**Data**

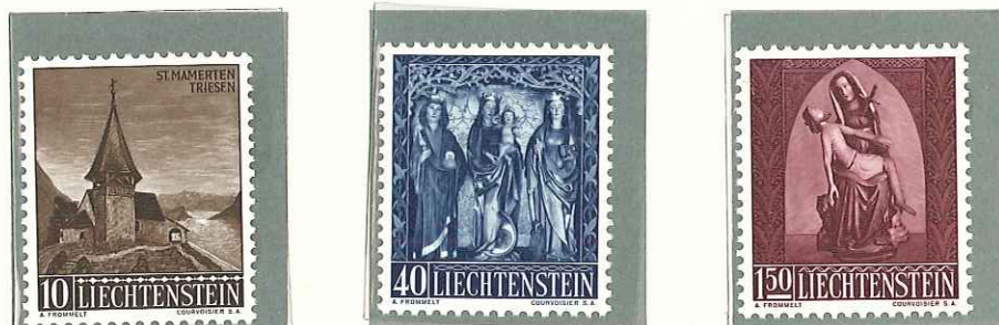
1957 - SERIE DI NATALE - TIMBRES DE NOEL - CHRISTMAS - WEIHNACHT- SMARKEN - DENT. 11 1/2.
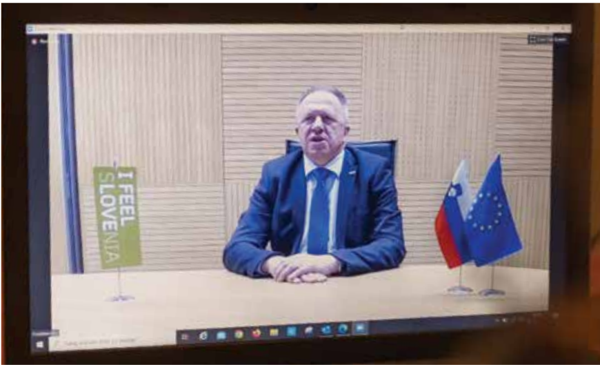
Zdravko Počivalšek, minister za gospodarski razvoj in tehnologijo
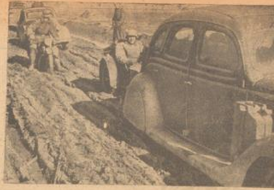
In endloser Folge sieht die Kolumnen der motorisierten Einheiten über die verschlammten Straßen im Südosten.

...

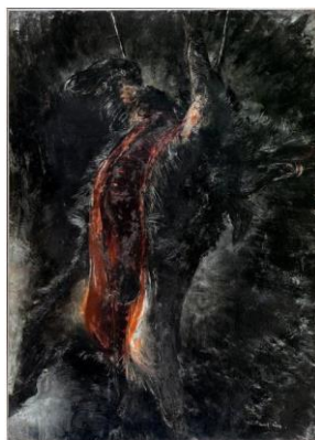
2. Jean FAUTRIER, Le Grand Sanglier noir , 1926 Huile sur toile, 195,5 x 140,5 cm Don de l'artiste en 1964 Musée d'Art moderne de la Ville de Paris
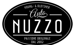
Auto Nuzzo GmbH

...

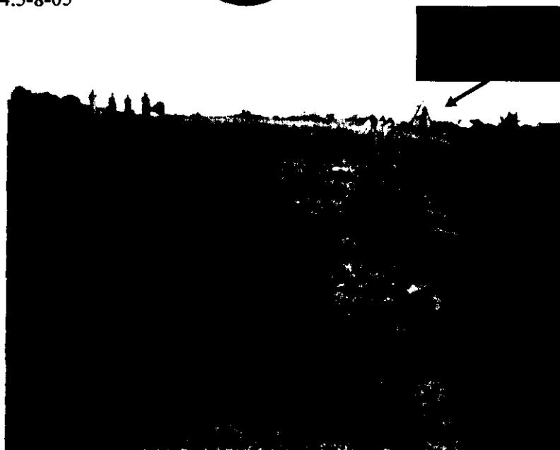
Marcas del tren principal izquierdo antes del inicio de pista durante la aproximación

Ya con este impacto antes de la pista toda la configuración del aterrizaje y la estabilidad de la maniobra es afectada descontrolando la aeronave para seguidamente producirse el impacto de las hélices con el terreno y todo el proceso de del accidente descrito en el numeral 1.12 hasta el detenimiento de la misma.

**Task**
Return only the stretch above from the line containing "1957 - SERIE" through the line containing "In endloser Folge", word for word and without pictures.

**Answer**
1957 - SERIE DI NATALE - TIMBRES DE NOEL - CHRISTMAS - WEIHNACHT- SMARKEN - DENT. 11 1/2.
Zdravko Počivalšek, minister za gospodarski razvoj in tehnologijo
In endloser Folge sieht die Kolumnen der motorisierten Einheiten über die verschlammten Straßen im Südosten.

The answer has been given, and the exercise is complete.